Frings’s pulse hammered in his ears. “Jesus, Mel, I don’t know why you say that.” Why was he here?

Eddings and Betty looked to Washington. “We need this to be kept quiet.”

They’d said that. “That’s going to be difficult.”

Washington said, “I’m afraid I’m not getting to the point. We need this situation taken care of. We can’t let this crime be associated with the Uhuru Community. The Community’s the most successful Negro endeavor in this City’s history. Its existence is at stake. You know that white folks won’t tolerate the Community if this news gets out. They won’t. And I’m worried that, like Warren said, this is a setup, specifically to put the Community at risk.”

Frings nodded. “I get the situation. I’m not clear what you think I can do about it, though.”

“We’d like you to talk to someone on the force, convince them to alter the circumstances of the body’s … disposition.”

“Wait a second. If I’m hearing you right, you want to move the body?” Frings was incredulous. “Why didn’t you just do it yourself; keep it simple?”

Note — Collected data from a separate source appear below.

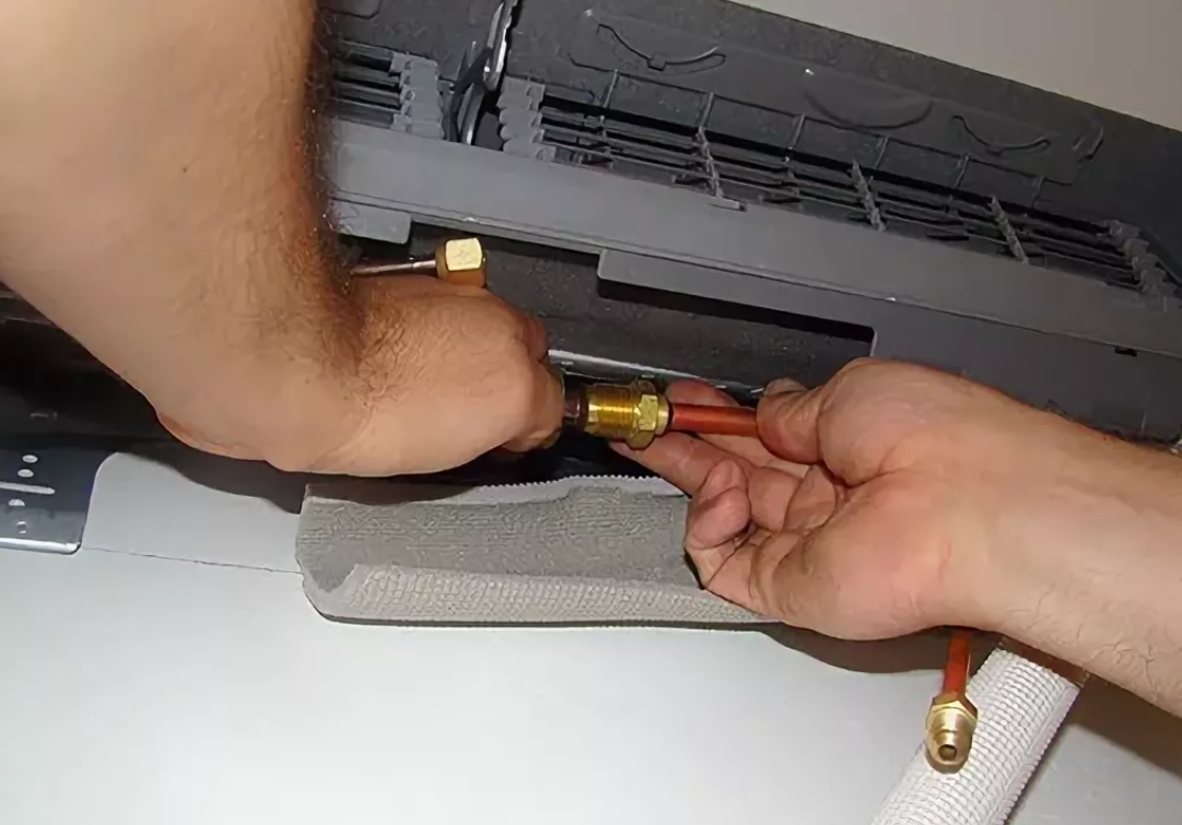 Сперва трубки подключаются к внутреннему блоку. На его боковой стенке имеется два порта со штуцерами разных диаметров. С них нужно скрутить гайки. В результате этого появится шипение, свидетельствующее о том, что из блока выходит азот, который был закачан производителем. Он необходим для защиты внутренних деталей от окислительных процессов.
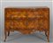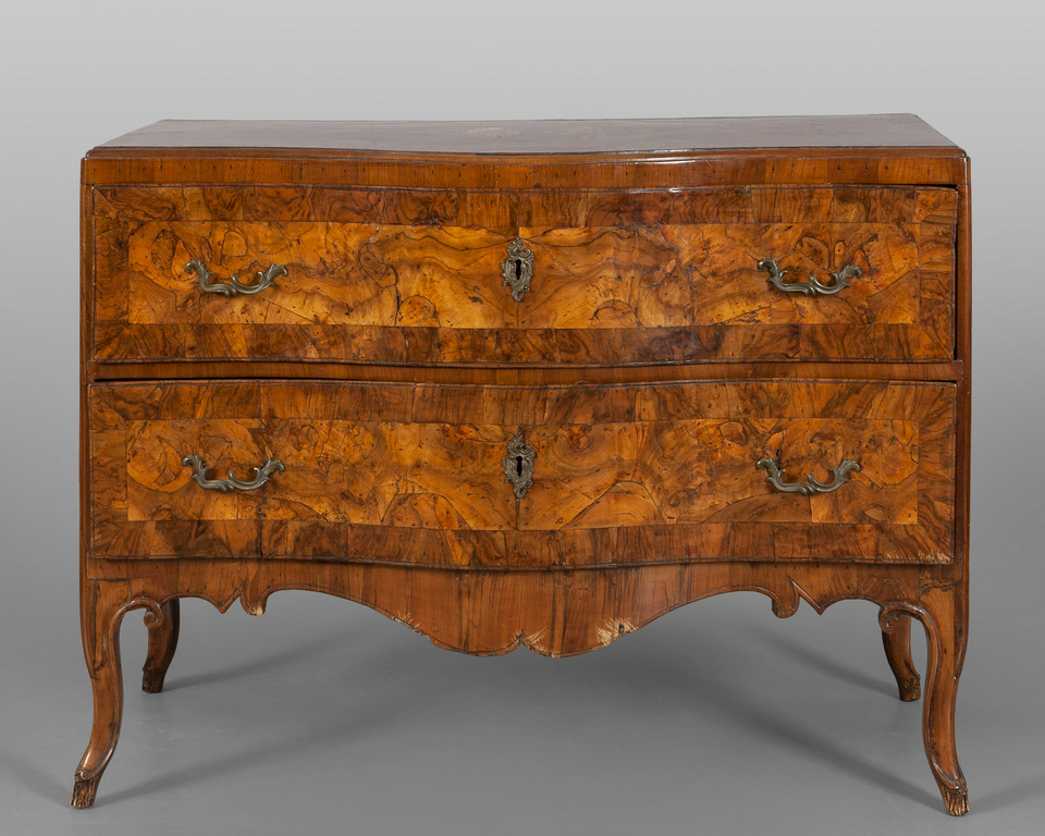 Comò Luigi XIV movimentato sul fronte con due grandi cassetti lastronato in noce e radica di noce piano lastronato con scena centrale Veneto sec.XVIII
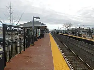 Point Pleasant Beach is a train station located in Point Pleasant Beach, in Ocean County, New Jersey, United States, on NJ Transit's North Jersey Coast Line, and is one of the most significant stops on the NJCL portion between Long Branch and Bay Head. This station is located on one of the borough's major arteries, Arnold Avenue, Route 35, several blocks from the Atlantic Ocean, boardwalk, Manasquan Inlet marina, and within the community's downtown business, shopping, dining and entertainment nexus. The current building and platforms are approximately 10 years old, a consequence of the station's redevelopment yielding the modern fixtures and services. The station is handicapped-accessible.
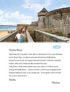 Quel dommage ! Clara, la meilleure amie de Martine, s'est cassé la jambe alors qu'elles devaient partir en vacances ensemble en Bretagne... Pour surmonter sa déception, Martine prend la décision de lui écrire une carte postale chaque jour, à chaque étape de son voyage. Rennes, Cancale, Saint-Malo, la côte de Granit rose, la forêt de Brocéliande, Belle-Île-en-mer... C'est certain, Clara ne perdra aucune miette de ce grand périple ! À retrouver en fin d'album : deux recettes pour apprendre à faire ses crêpes et son caramel au beurre salé !
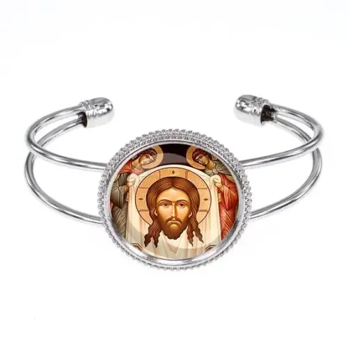 Браслет с изображением Спаса Нерукотворного — это не только стильный аксессуар, но и символ духовной защиты. Изготовленный из бижутерного сплава с покрытием под серебро, он станет прекрасным подарком для близкого человека или элементом личного стиля. Основные особенности:
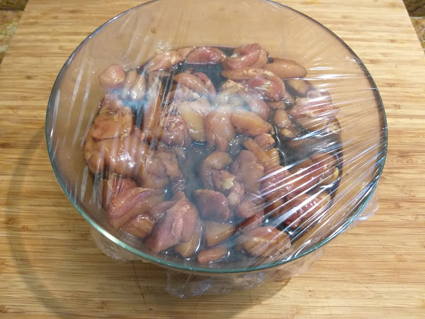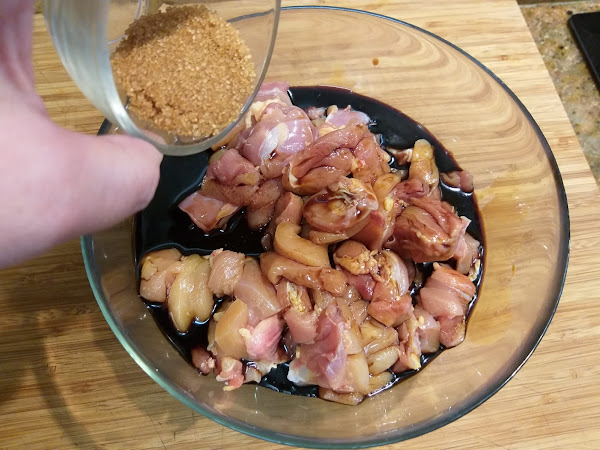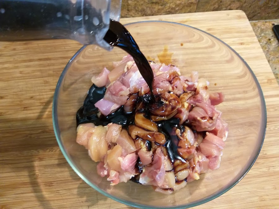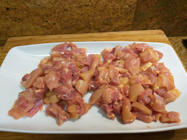 Empezamos troceando el pollo ya deshuesado en trocitos pequeños.

Eddings snorted a cynical laugh.

Washington removed his glasses and rubbed the lenses on the front of his shirt. Rivulets of sweat eased down his temples. “We thought about that. Two reasons we didn’t. First, we feared that if someone had, in fact, planted the body in the Community, they might have in some way documented this fact and our moving the body would simply further implicate the Community in the crime. Second, we want a police investigation.”

Frings ran his fingers back through his hair and pulled them away wet. “Really? You want the police to doctor the crime scene to absolve the Uhuru Community but also conduct an actual investigation into the crime? That’s your plan?”

There was a pause before Betty said, “Yes. And we’d like you to make it happen.”